Given data:
▬▬▬
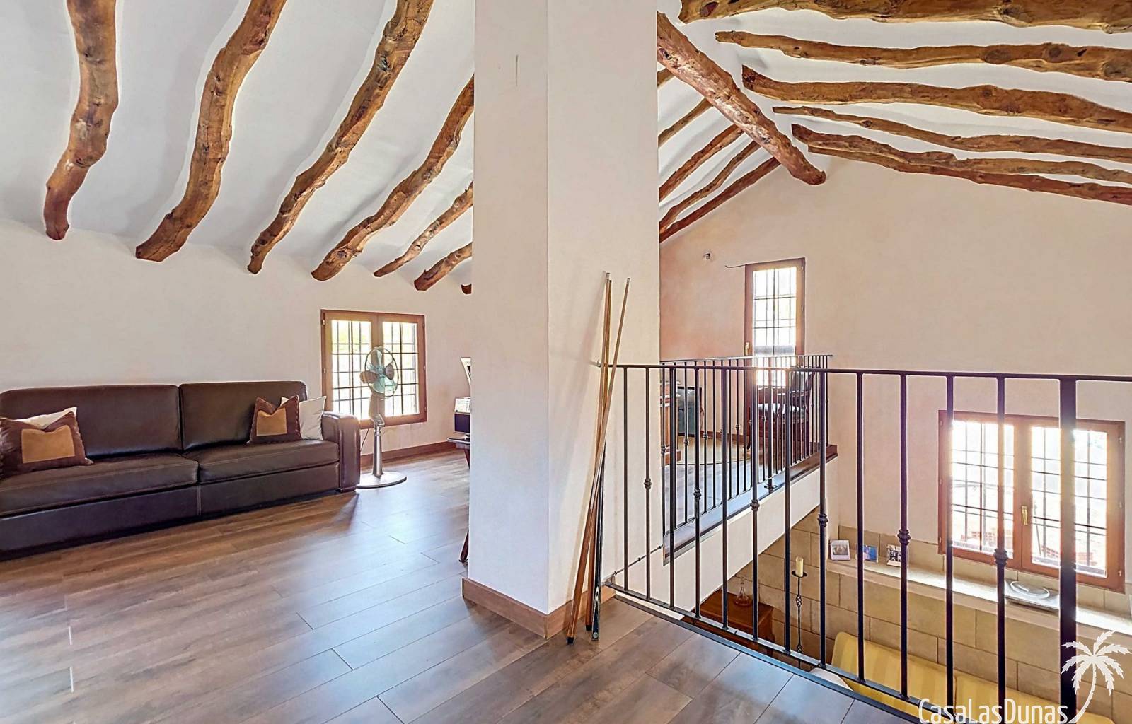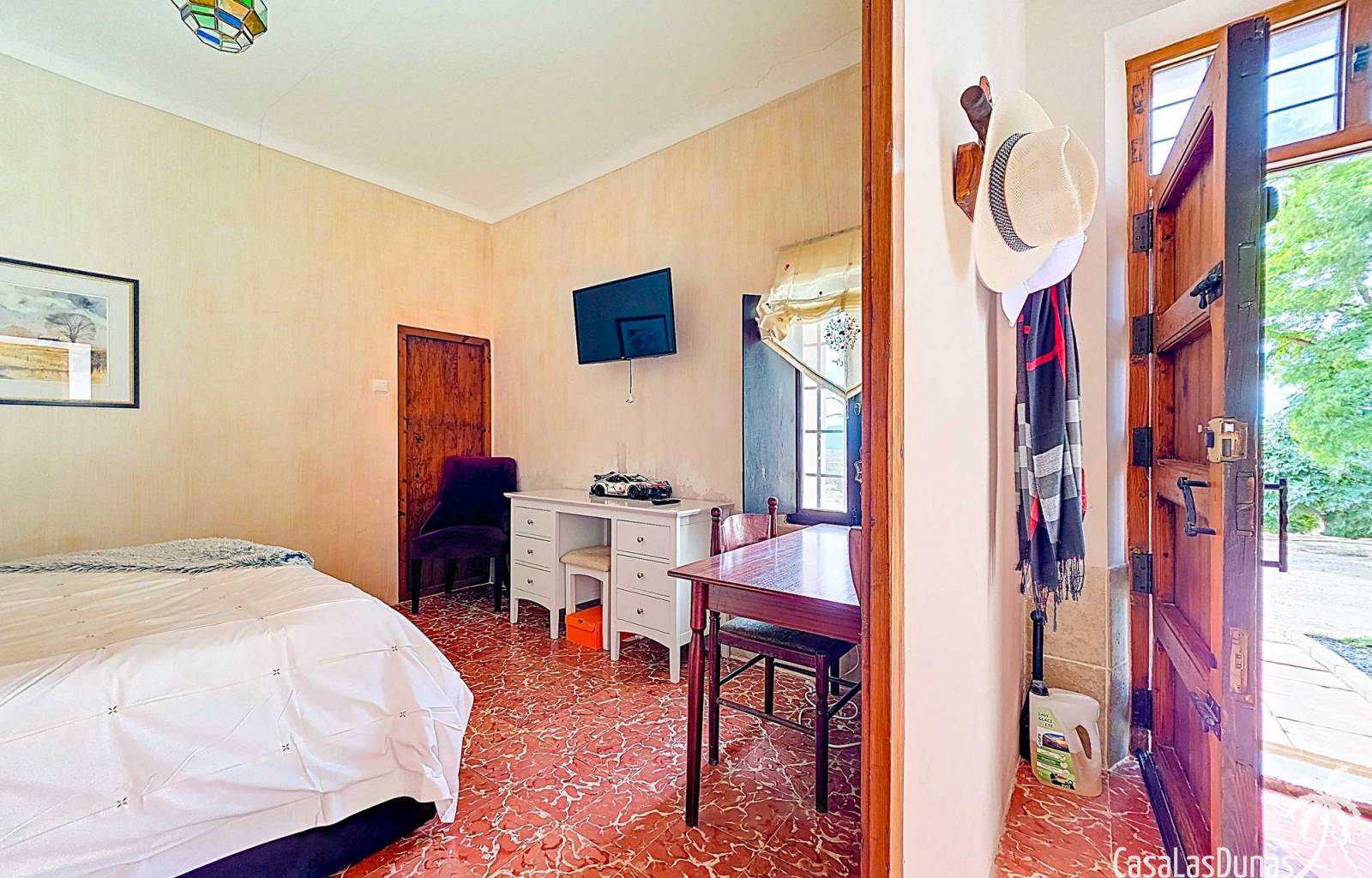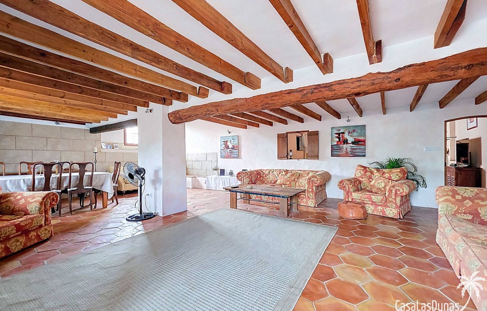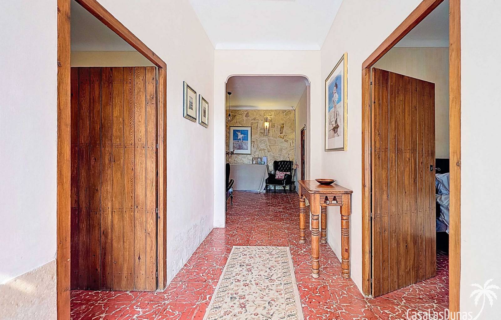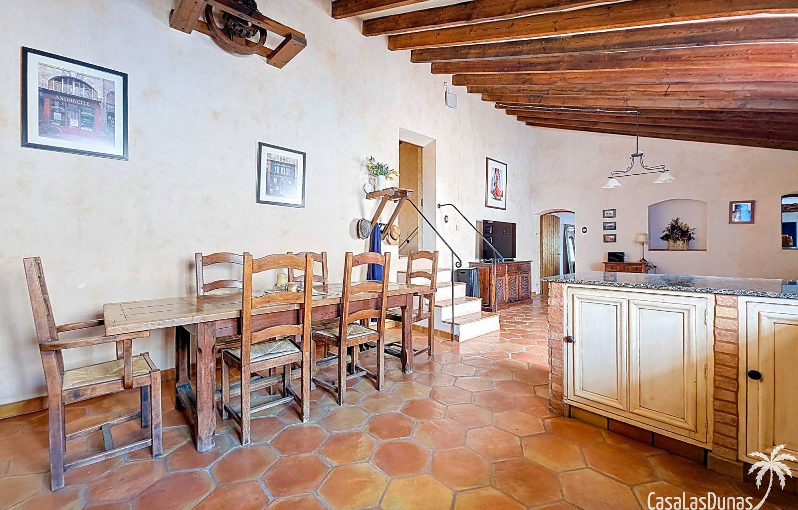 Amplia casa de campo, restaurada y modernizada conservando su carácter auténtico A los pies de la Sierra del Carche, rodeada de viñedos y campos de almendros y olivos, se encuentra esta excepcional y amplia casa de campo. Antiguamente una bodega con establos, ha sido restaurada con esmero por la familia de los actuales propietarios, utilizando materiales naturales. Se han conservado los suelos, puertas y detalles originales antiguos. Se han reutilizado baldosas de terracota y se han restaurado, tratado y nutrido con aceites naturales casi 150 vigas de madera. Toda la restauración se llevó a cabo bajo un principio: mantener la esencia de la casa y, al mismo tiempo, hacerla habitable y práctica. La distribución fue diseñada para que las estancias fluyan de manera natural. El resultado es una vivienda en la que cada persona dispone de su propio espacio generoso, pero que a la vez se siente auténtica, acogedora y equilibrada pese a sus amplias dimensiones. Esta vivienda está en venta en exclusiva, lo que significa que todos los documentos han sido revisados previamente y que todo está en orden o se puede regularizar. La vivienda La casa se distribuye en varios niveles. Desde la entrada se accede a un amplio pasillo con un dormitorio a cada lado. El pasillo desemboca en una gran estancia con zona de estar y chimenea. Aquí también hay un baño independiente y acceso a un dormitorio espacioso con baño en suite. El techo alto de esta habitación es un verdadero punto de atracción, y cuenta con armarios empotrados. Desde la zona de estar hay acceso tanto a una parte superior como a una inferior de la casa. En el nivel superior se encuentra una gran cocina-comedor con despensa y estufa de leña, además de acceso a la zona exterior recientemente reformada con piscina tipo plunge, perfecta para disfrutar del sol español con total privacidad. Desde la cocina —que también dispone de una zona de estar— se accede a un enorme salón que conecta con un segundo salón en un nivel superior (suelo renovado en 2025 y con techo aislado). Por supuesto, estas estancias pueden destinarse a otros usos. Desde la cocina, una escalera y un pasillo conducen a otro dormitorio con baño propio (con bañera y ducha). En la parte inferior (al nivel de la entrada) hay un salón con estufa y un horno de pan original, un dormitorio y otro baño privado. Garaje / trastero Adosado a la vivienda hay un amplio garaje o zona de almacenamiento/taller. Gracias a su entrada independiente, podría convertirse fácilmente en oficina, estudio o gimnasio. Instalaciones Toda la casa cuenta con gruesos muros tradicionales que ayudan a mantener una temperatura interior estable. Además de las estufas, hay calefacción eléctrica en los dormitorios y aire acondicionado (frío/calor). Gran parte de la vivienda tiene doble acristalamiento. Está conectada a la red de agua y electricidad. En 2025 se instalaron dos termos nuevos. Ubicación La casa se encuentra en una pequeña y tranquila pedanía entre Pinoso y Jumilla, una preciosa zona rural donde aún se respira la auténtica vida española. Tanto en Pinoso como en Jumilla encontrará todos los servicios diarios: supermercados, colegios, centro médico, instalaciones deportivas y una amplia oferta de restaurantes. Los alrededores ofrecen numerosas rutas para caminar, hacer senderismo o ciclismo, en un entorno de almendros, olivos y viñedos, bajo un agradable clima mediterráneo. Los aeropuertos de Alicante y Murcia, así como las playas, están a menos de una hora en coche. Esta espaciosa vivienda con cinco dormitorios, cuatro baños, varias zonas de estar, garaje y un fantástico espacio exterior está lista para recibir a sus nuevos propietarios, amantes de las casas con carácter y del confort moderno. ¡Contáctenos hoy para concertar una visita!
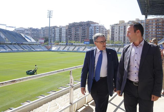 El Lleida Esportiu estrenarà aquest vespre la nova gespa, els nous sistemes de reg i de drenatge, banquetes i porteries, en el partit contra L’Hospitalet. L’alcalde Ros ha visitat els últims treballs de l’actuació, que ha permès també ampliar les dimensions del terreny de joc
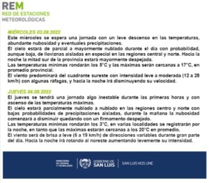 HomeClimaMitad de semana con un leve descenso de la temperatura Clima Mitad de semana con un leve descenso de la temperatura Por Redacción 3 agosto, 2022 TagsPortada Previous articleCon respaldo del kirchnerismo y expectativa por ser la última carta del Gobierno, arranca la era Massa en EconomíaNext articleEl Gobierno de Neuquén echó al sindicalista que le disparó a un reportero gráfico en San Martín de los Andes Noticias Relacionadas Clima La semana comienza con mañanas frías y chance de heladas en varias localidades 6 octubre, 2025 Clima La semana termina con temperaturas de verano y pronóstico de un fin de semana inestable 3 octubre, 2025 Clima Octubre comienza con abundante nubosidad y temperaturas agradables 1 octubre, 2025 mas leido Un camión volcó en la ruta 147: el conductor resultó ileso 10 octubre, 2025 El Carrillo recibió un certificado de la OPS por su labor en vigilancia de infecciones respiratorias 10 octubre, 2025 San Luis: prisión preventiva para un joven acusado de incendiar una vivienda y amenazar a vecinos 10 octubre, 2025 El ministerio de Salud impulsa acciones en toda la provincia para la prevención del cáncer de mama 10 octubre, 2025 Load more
▬▬▬
The answer should consist only of the lines from the one with "El Lleida Esportiu" through the last line of the material above, copied exactly, with no pictures.

 El Lleida Esportiu estrenarà aquest vespre la nova gespa, els nous sistemes de reg i de drenatge, banquetes i porteries, en el partit contra L’Hospitalet. L’alcalde Ros ha visitat els últims treballs de l’actuació, que ha permès també ampliar les dimensions del terreny de joc
 HomeClimaMitad de semana con un leve descenso de la temperatura Clima Mitad de semana con un leve descenso de la temperatura Por Redacción 3 agosto, 2022 TagsPortada Previous articleCon respaldo del kirchnerismo y expectativa por ser la última carta del Gobierno, arranca la era Massa en EconomíaNext articleEl Gobierno de Neuquén echó al sindicalista que le disparó a un reportero gráfico en San Martín de los Andes Noticias Relacionadas Clima La semana comienza con mañanas frías y chance de heladas en varias localidades 6 octubre, 2025 Clima La semana termina con temperaturas de verano y pronóstico de un fin de semana inestable 3 octubre, 2025 Clima Octubre comienza con abundante nubosidad y temperaturas agradables 1 octubre, 2025 mas leido Un camión volcó en la ruta 147: el conductor resultó ileso 10 octubre, 2025 El Carrillo recibió un certificado de la OPS por su labor en vigilancia de infecciones respiratorias 10 octubre, 2025 San Luis: prisión preventiva para un joven acusado de incendiar una vivienda y amenazar a vecinos 10 octubre, 2025 El ministerio de Salud impulsa acciones en toda la provincia para la prevención del cáncer de mama 10 octubre, 2025 Load more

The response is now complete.